Lambing is due to start the ides of March (15th) and continue for 5 weeks. Some of the ewes are looking distinctly pregnant, so I decided to get them into their lambing paddock early so they can settle down, create some short grass "camps" and generally be calm and peaceful in the run-up to lambing. This is the first lambing I've done in 3 years: Clara, now a 3-year-old, was in the last tranche of lambing and will (hopefully) have her first baby this year, making me an honorary grandmother (yikes). Knowing the individuals as I do now makes lambing both scarier and more engaging.

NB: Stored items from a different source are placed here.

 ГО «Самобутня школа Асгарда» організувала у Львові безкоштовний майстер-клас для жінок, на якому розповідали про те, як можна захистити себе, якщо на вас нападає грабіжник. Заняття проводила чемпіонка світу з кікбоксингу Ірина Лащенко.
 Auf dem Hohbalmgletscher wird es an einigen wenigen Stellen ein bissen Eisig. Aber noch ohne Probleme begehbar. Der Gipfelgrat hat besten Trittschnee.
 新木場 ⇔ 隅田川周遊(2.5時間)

The paddock I've been saving for lambing is the Grass Gully--good sight lines, so I can see the sheep easily from a distance and they sheep can be comfortable that they will see any predators trying to sneak up. The Grass Gully also has good "land-form" shelter from most wind directions: places where the contours of the land provide a natural wind-break. Another great perk of the Grass Gully for lambing this year is fabulous forage: lots of grass, chicory and lucerne. They should be getting everything they need for good nutrition pre- and post-natal.

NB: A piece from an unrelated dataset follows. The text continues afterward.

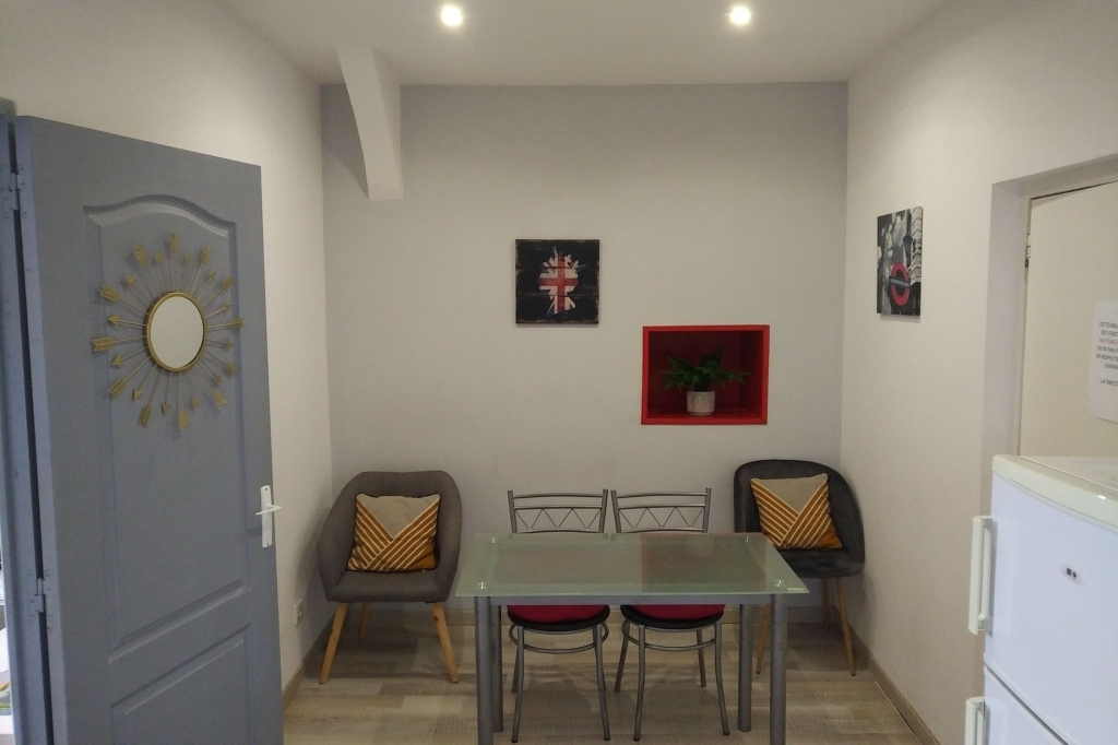 - un espace salon avec table dinatoire, fauteuils, télévision et wifi,

The whole flock will be together for lambing, though only 100 ewes are pregnant (or at least could be pregnant). The social structure of the flock, which is now amazingly cohesive, means they help each other ward off avian predators (eagles and ravens) and share baby-sitting duties of the young lambs. I'm really looking forward to this lambing--confident that I won't need to intervene much, that the ewes will let me when I do, that the weather will be kinder than in October (when I used to lamb) and that I will learn all sorts of new things about my sheep in the process.